### Work task
Copied exactly and without pictures, the lines from the beginning of the entries through the one that holds "feet for ultra-stability" should form the entire reply.

### Items from a dataset
★ ★ ★

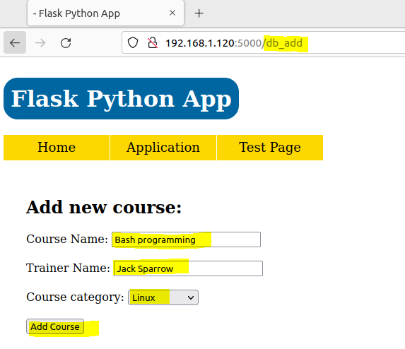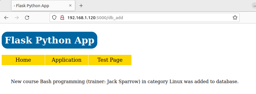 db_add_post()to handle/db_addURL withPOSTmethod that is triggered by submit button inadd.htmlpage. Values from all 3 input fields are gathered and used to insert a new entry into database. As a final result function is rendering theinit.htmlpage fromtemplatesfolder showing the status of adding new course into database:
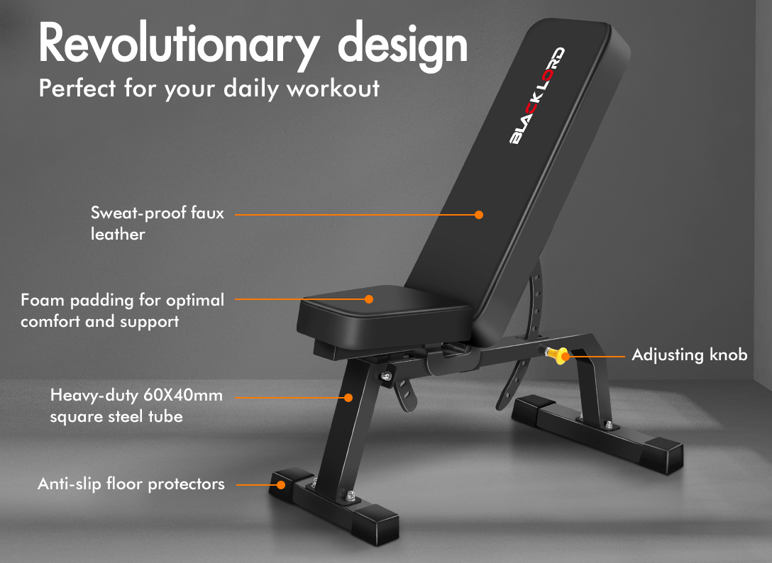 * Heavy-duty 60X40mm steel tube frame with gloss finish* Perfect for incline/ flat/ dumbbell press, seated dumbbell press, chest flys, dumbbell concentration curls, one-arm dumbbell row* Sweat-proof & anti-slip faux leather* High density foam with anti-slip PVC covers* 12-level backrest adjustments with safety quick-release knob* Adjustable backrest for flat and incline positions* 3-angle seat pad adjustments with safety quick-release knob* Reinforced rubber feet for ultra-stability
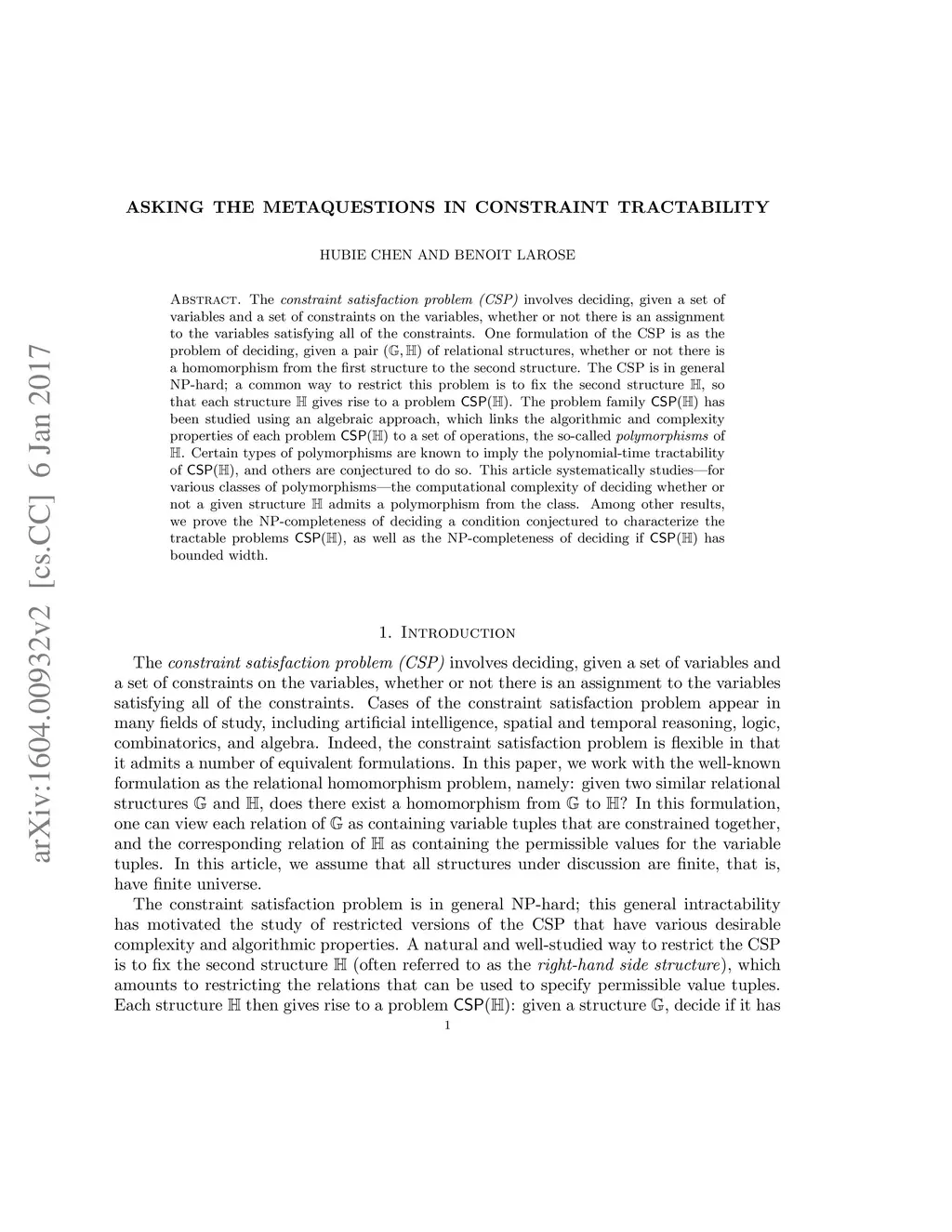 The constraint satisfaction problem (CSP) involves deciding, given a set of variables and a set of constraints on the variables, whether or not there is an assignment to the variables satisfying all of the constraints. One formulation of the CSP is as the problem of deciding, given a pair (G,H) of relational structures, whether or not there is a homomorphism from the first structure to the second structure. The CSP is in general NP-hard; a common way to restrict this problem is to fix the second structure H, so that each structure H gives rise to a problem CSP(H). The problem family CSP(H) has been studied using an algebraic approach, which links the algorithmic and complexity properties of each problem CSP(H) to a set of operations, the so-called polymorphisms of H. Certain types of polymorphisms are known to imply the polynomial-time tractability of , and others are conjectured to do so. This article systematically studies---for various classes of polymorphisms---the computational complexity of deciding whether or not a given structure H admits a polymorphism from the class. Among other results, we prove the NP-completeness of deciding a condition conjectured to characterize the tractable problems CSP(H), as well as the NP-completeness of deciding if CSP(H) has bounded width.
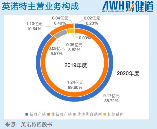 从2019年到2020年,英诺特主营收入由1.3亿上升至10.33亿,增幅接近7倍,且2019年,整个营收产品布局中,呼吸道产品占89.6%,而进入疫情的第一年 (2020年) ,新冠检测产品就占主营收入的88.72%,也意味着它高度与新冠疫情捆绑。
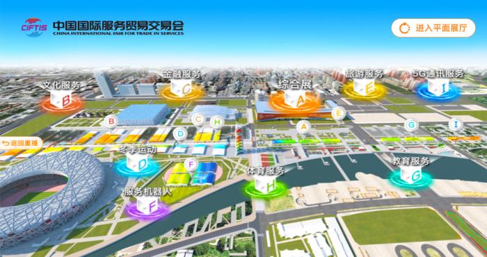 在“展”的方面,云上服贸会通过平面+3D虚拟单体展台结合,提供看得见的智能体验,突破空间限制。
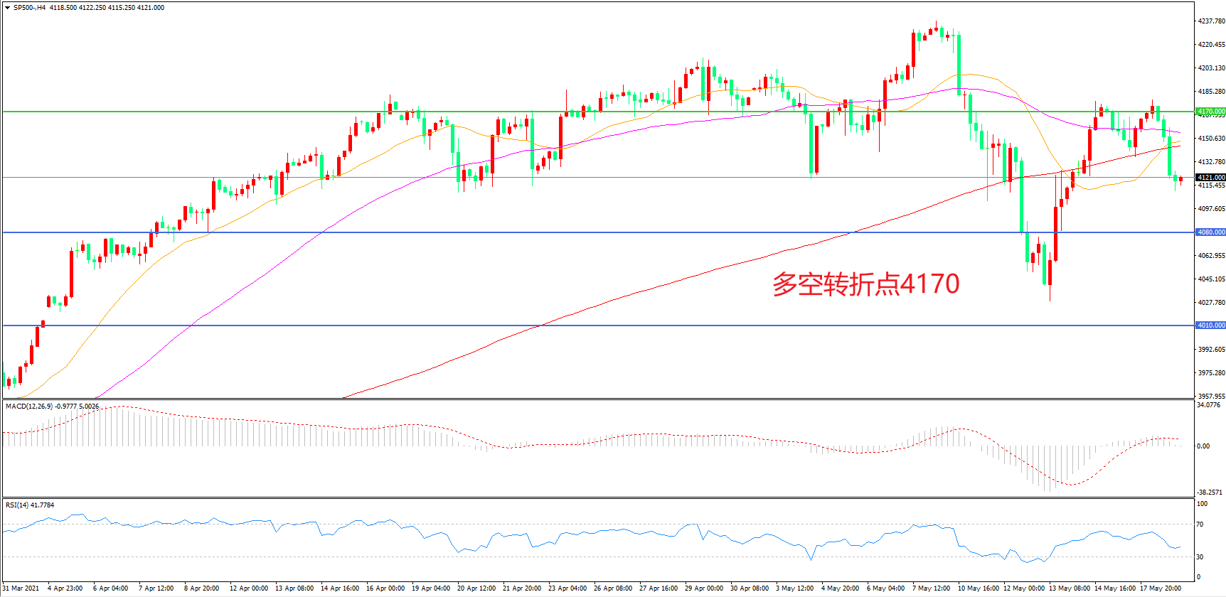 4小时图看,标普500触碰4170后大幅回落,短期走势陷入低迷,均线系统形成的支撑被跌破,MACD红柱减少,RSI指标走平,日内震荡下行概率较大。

★ ★ ★

### The answer
 db_add_post()to handle/db_addURL withPOSTmethod that is triggered by submit button inadd.htmlpage. Values from all 3 input fields are gathered and used to insert a new entry into database. As a final result function is rendering theinit.htmlpage fromtemplatesfolder showing the status of adding new course into database:
 * Heavy-duty 60X40mm steel tube frame with gloss finish* Perfect for incline/ flat/ dumbbell press, seated dumbbell press, chest flys, dumbbell concentration curls, one-arm dumbbell row* Sweat-proof & anti-slip faux leather* High density foam with anti-slip PVC covers* 12-level backrest adjustments with safety quick-release knob* Adjustable backrest for flat and incline positions* 3-angle seat pad adjustments with safety quick-release knob* Reinforced rubber feet for ultra-stability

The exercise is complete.